- Task details
Reproduce the lines below exactly. Begin with the first, end with the line containing "The paper presents", and leave out the pictures.

[Entries taken from a collection]
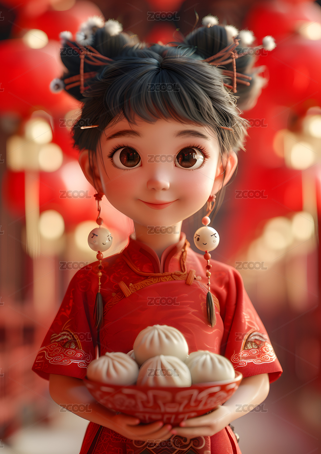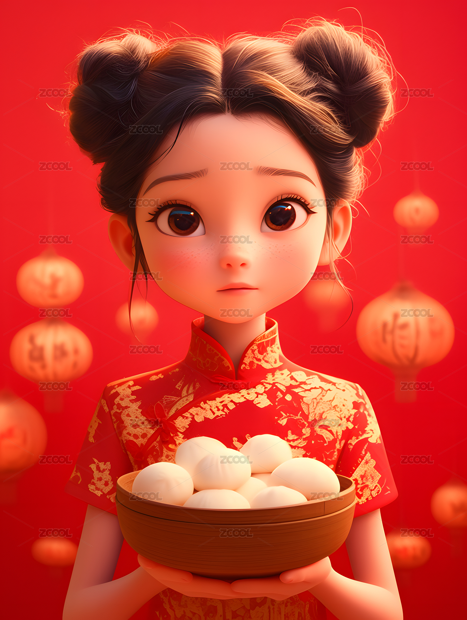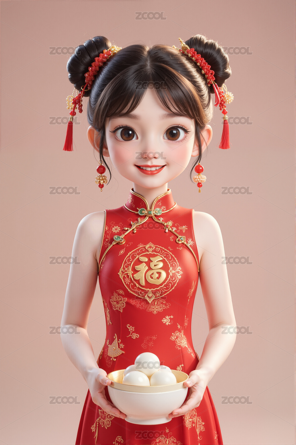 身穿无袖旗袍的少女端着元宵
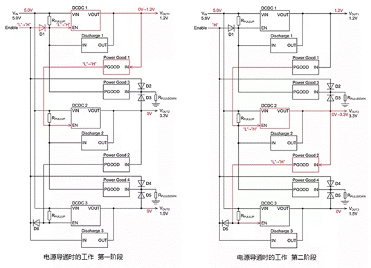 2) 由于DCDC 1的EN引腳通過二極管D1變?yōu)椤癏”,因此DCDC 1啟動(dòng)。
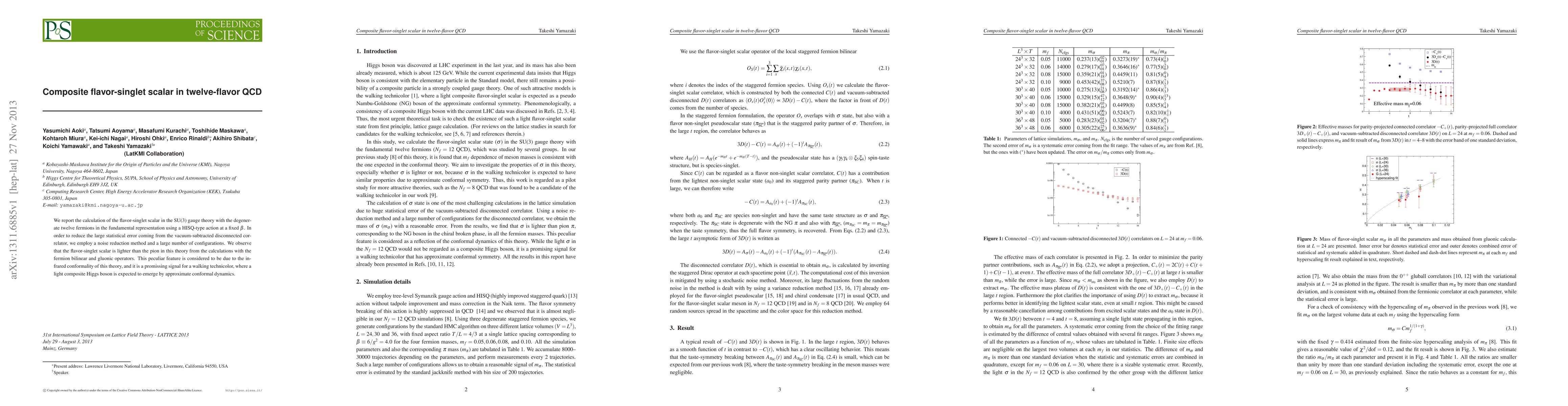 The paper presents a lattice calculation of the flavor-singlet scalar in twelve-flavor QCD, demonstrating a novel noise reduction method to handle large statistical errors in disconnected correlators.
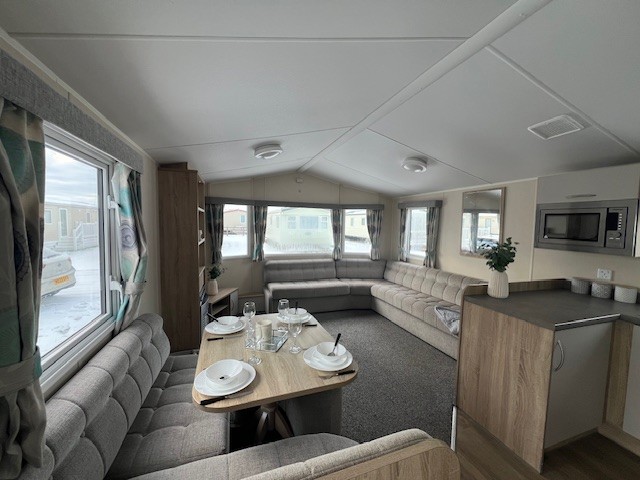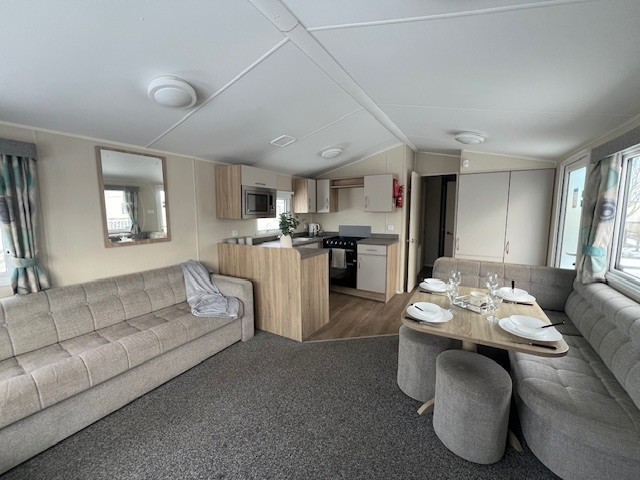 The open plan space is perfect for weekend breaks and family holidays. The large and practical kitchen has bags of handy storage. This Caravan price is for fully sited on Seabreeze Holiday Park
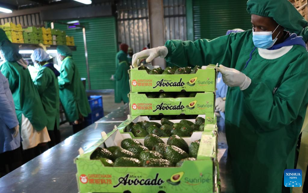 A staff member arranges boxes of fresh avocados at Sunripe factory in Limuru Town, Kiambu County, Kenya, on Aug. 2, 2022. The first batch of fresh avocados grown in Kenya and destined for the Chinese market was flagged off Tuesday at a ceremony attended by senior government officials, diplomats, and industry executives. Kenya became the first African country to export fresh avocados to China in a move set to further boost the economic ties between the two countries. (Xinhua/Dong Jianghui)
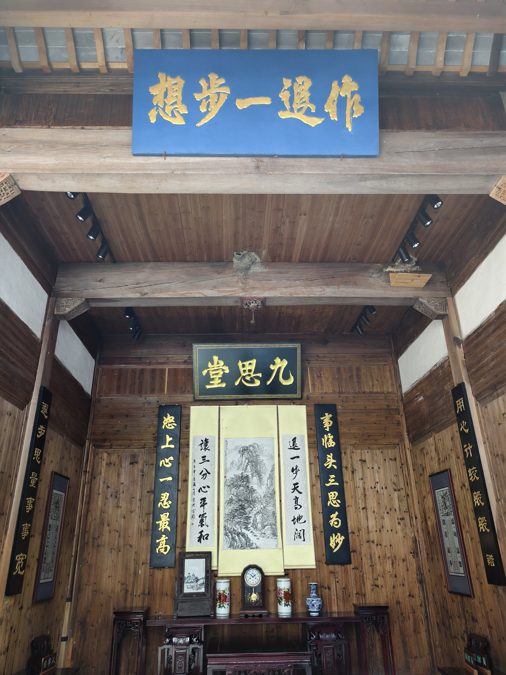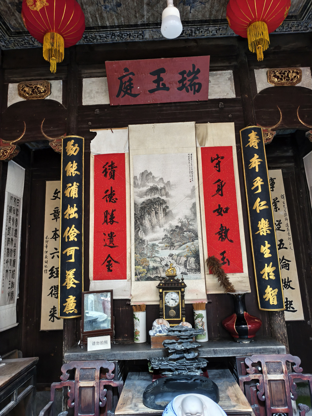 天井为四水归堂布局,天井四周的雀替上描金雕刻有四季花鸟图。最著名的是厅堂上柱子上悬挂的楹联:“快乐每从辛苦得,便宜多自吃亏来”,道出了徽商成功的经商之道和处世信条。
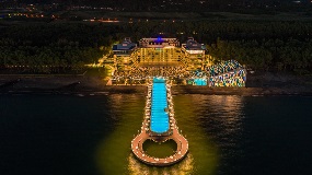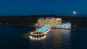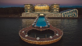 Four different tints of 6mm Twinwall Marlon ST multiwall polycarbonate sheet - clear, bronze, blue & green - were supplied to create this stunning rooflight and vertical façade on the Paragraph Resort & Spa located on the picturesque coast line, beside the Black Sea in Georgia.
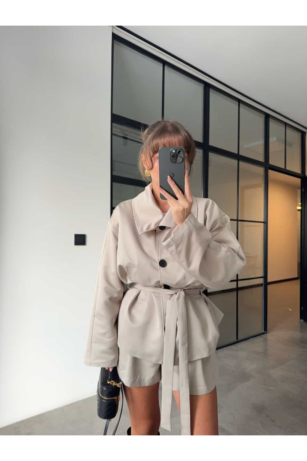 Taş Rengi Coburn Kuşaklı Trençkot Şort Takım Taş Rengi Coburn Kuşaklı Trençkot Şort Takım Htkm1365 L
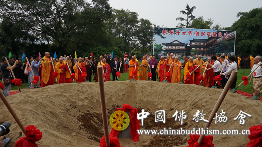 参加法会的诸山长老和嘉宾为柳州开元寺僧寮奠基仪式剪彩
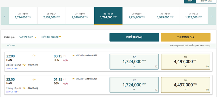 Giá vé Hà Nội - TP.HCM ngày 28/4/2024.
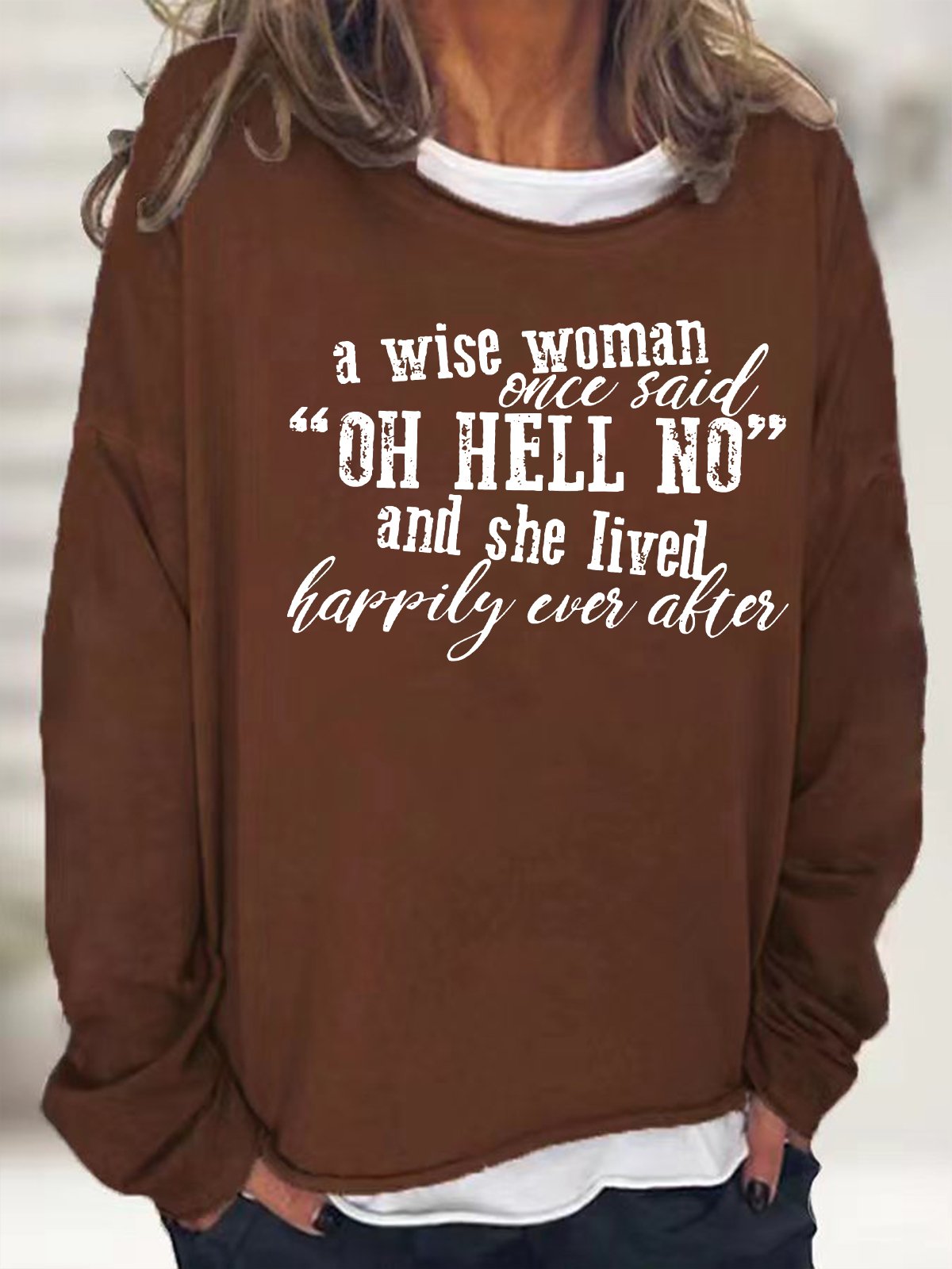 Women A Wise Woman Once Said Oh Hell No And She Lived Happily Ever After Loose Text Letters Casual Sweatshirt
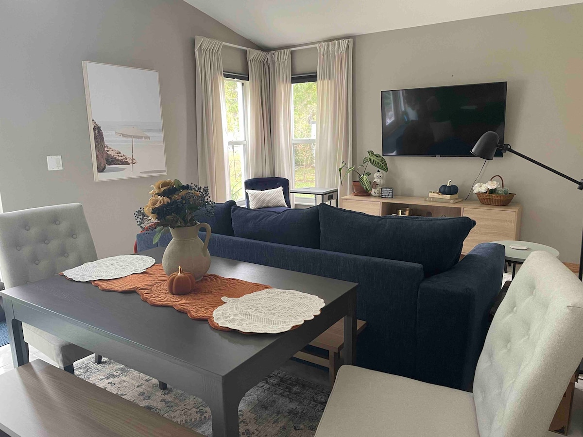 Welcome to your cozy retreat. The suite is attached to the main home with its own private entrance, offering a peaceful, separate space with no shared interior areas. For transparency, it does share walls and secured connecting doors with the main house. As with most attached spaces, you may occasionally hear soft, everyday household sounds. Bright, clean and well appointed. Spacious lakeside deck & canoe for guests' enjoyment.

- Task answer
 身穿无袖旗袍的少女端着元宵
 2) 由于DCDC 1的EN引腳通過二極管D1變?yōu)椤癏”,因此DCDC 1啟動(dòng)。
 The paper presents a lattice calculation of the flavor-singlet scalar in twelve-flavor QCD, demonstrating a novel noise reduction method to handle large statistical errors in disconnected correlators.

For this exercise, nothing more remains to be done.